> ENTRIES SHOWN:
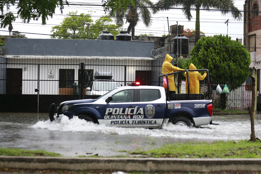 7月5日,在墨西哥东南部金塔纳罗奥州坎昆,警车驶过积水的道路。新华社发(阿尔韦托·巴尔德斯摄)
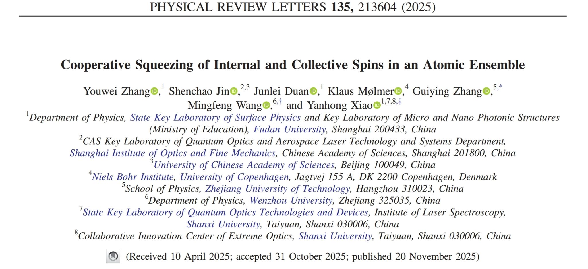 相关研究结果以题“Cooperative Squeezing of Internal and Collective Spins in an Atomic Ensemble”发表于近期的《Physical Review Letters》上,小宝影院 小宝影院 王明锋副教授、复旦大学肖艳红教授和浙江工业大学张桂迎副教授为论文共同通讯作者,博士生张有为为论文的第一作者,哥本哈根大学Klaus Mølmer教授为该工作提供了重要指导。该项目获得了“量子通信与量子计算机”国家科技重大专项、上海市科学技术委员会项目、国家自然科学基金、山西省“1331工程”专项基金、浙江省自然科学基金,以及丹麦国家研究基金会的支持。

---

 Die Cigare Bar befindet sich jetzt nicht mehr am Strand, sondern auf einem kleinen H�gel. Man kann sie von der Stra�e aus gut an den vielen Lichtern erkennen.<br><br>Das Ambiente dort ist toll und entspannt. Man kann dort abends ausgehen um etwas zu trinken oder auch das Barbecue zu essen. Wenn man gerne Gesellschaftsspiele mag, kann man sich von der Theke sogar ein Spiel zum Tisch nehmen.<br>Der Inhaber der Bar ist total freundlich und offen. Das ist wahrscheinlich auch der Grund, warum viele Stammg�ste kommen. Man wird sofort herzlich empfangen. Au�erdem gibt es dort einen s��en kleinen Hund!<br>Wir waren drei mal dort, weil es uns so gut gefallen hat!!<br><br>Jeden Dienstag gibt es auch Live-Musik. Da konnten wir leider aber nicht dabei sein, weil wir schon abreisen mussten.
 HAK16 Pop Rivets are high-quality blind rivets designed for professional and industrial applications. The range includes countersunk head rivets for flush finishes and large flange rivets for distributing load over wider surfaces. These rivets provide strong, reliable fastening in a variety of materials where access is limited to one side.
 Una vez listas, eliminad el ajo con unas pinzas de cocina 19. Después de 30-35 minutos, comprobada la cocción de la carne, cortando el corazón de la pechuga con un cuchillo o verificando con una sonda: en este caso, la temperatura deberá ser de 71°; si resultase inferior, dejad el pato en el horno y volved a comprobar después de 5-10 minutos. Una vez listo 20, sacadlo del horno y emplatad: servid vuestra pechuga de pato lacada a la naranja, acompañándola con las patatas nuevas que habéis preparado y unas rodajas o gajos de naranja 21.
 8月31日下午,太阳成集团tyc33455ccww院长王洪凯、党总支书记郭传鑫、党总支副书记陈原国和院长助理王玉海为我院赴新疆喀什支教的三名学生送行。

> TASK OBJECTIVE:
Would you retype the lines above from the one with "Una vez listas, eliminad" down to the one with "8月31日下午,太阳成集团t", word for word, both ends included and no other lines?

> REPLY:
 Una vez listas, eliminad el ajo con unas pinzas de cocina 19. Después de 30-35 minutos, comprobada la cocción de la carne, cortando el corazón de la pechuga con un cuchillo o verificando con una sonda: en este caso, la temperatura deberá ser de 71°; si resultase inferior, dejad el pato en el horno y volved a comprobar después de 5-10 minutos. Una vez listo 20, sacadlo del horno y emplatad: servid vuestra pechuga de pato lacada a la naranja, acompañándola con las patatas nuevas que habéis preparado y unas rodajas o gajos de naranja 21.
 8月31日下午,太阳成集团tyc33455ccww院长王洪凯、党总支书记郭传鑫、党总支副书记陈原国和院长助理王玉海为我院赴新疆喀什支教的三名学生送行。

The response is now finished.